Chris: This TIFF debut is supremely spooky. Set in the early '90s,Veronica follows a teen girl (Sandra Escacena) in Madrid who decides to mess around with a Ouija board during a solar eclipse. What could go wrong? Everything! Soon, the girl is being tormented by supernatural forces, and endangering her younger siblings in the process. This isn't what I'd call the most original of horror films, but it has such great atmosphere that it works exceedingly well, and will most assuredly give you the creeps.Matt: I watched 117 or 118 new release horror films in 2018, and yet Veronica escaped me. Somehow. The easiest one to watch – sitting on Netflix – and yet I'm emailing PR reps for Ahockalypse screeners. Need to rectify.

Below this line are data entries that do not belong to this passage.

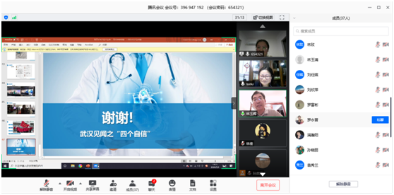 学院邀请了福建省第四批援鄂医疗队成员,福建医科大学附属协和医院肾内科叶秋萍医师分享援鄂经历。一系列数据、一张张图片、一幕幕场景,叶医师声情并茂地介绍了医疗3组的组员以及在武汉的救治经验和点滴故事。在疫情最严峻的时候,这些最美的逆行者们挺身而出,不惧困难,冲锋陷阵,以精湛的医术以及团结协作的精神,圆满完成任务,实现了“零感染、打胜仗”的目标。同时,医师们不忘自己肩负的立德树人使命,在前线繁忙的工作中仍然坚持网络教学,严谨的治学态度和无私奉献的崇高精神让在场的所有党员深受触动。
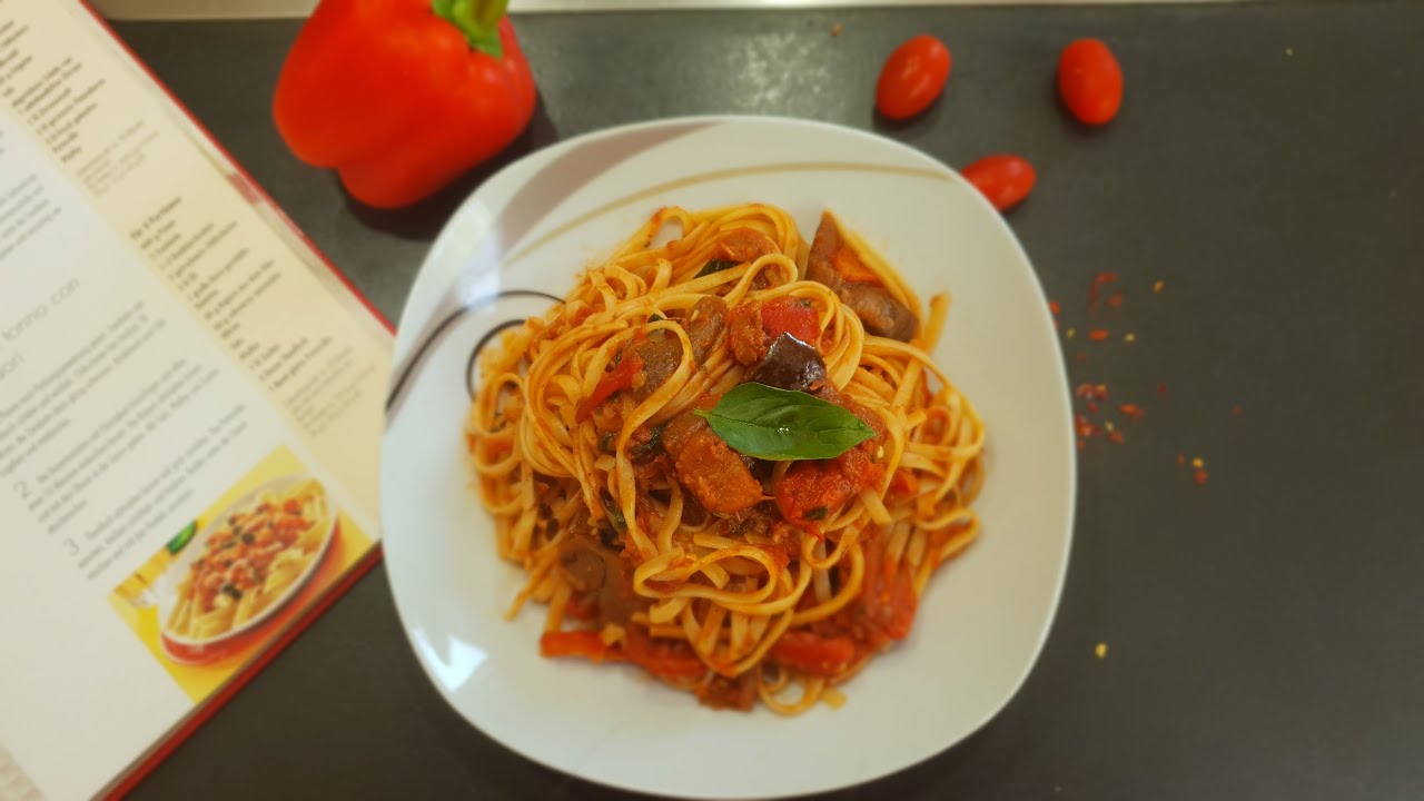 Linguine in tomato sauce with roasted eggplant and red bell pepper.
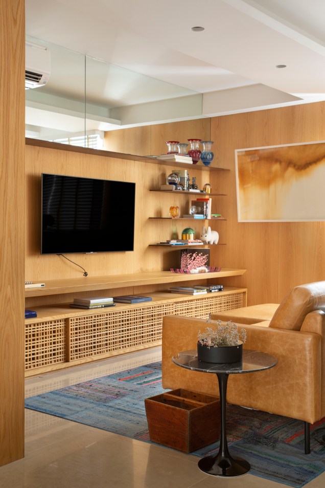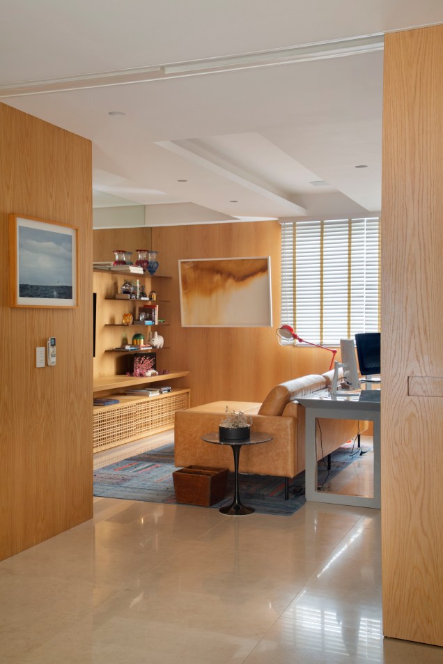 Para deixar o ambiente mais acolhedor e aconchegante, as arquitetas revestiram todas as paredes em peroba e optaram por um sofá estofado em couro marrom. As portas de correr, também executadas em peroba, permitem integrar ou isolar o espaço.
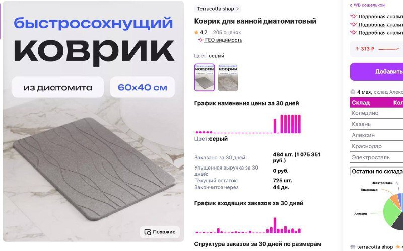 В мире интернет-торговли каждый продукт имеет шанс стать звездой, если подход к его продвижению правильный. Примером тому служит диатомитовый коврик для ванны, который за короткий срок собрал впечатляющие 1,9 миллиона просмотров и привлек 35 000 потенциальных покупателей. На примере этого кейса мы разберем, как стратегия внешнего продвижения сыграла ключевую роль в успехе продаж на маркетплейсе. Кейс 261: Маркетинговая Стратегия, Которая Работает Основой для продвижения коврика послужило создание видеоролика в формате Reels, который был опубликован на платформе Instagram* (запрещенная в РФ социальная сеть). Благодаря продуманному подходу и уникальным характеристикам продукта, ролик быстро набрал популярность и за три недели принес 280 заказов с общей выручкой 646 000 рублей. Рассказываем, благодаря каким факторам удалось достичь весомых продаж. Если хотите таких же результатов — оставьте заявку Уникальные Продуктовые Характеристики Диатомитовый коврик для ванны отличается от обычных ко
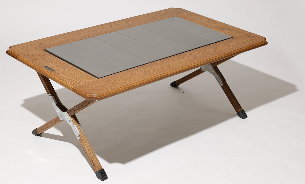 大人気のアイアンテーブルに、両ブランドのロゴを組み合わせたプレート付きのGO OUT限定モデルをリリース。

Now Streaming on Amazon Prime Video

Chris: I know Nicolas Winding Refn gets a bad wrap for his over-indulgent nonsense, but that's honestly why I enjoy his work so much. The Neon Demon is one of his most lurid works, a trashy, nasty horror flick that debuted at Cannes. Elle Fanning is a young beauty who moves to Hollywood, and is lusted after by everyone and everything. Bathed in neon and gaudiness, The Neon Demon features murder, sex, necrophilia and more. It also features Jena Malone stealing the show as a makeup artist who lusts after both Fanning and corpses, and Keanu Reeves in a brief-but-memorable role as the world's creepiest motel owner. This is trash filmmaking at its finest.Matt: Style over substance, my friends. My oh MY does Nicolas Winding Refn bring neon-soaked LA style, but the substance just isn't there for me. "This city will eat you alive." Clever, Nic.